#### TRY IT:
When you reach the line containing "2022年,全区固定资产投资" in the records below, start copying exactly, and stop once you have copied the line containing "The heart of".

#### SUPPLIED DATA:

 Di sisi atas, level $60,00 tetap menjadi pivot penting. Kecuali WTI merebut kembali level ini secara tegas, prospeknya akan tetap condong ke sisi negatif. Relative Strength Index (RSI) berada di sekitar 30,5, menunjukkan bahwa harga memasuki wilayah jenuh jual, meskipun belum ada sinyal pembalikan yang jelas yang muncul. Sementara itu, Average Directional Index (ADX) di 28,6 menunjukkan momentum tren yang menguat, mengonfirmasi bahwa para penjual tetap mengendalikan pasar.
...
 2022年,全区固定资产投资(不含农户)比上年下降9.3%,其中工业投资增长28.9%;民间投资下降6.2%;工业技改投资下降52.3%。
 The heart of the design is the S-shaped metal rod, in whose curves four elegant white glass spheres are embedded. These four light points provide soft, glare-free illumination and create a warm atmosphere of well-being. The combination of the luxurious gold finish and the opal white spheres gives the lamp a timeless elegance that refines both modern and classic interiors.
* * *
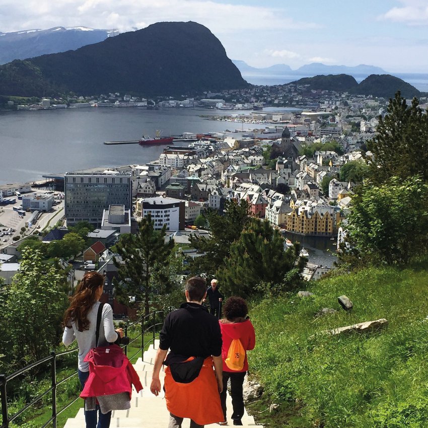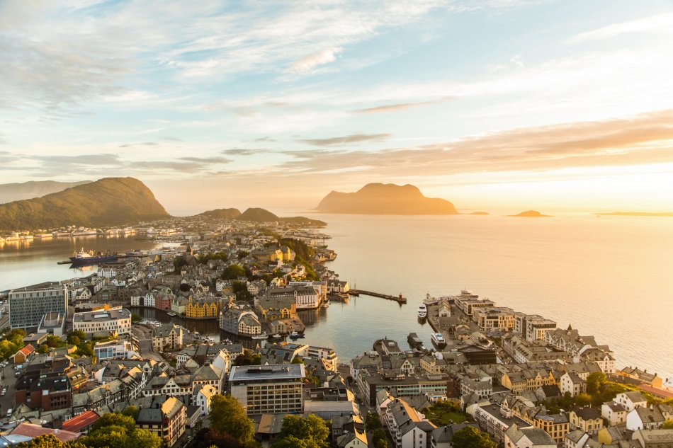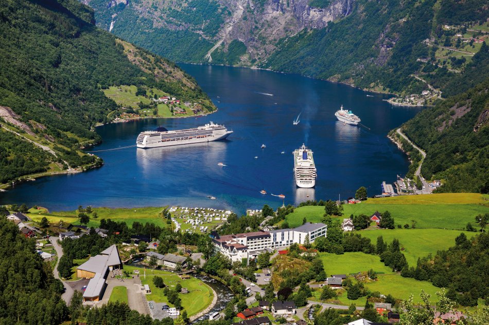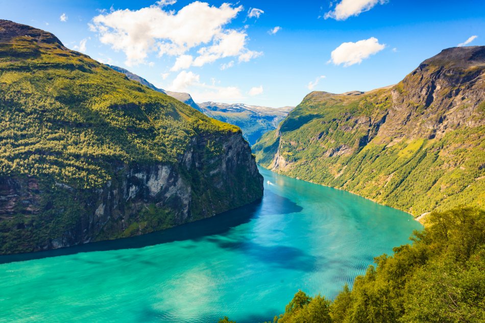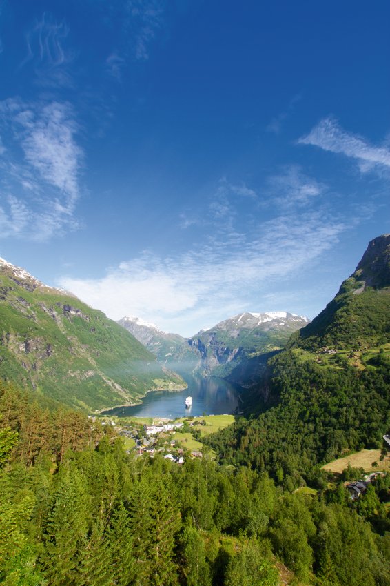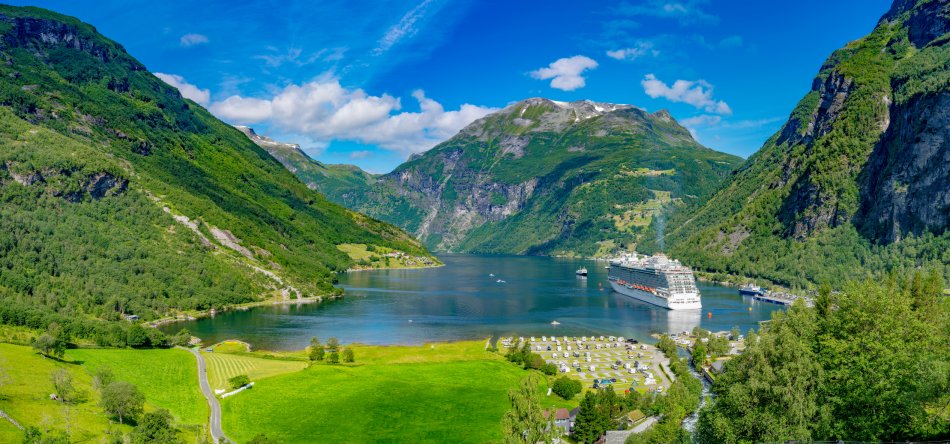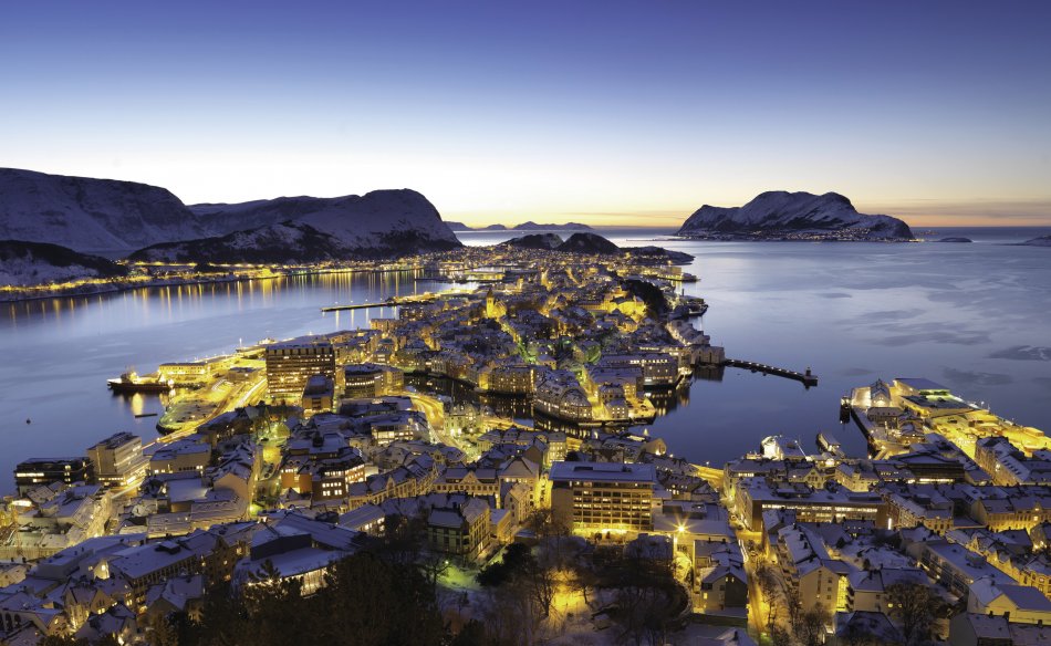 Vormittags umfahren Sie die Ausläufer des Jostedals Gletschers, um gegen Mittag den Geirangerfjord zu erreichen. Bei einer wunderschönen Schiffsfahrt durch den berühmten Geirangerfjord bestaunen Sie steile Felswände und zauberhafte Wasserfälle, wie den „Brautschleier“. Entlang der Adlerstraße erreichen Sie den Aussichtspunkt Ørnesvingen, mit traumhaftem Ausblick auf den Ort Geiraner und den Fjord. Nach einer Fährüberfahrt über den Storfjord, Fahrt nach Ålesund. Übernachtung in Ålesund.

#### RESULT OF THIS TASK:
 2022年,全区固定资产投资(不含农户)比上年下降9.3%,其中工业投资增长28.9%;民间投资下降6.2%;工业技改投资下降52.3%。
 The heart of the design is the S-shaped metal rod, in whose curves four elegant white glass spheres are embedded. These four light points provide soft, glare-free illumination and create a warm atmosphere of well-being. The combination of the luxurious gold finish and the opal white spheres gives the lamp a timeless elegance that refines both modern and classic interiors.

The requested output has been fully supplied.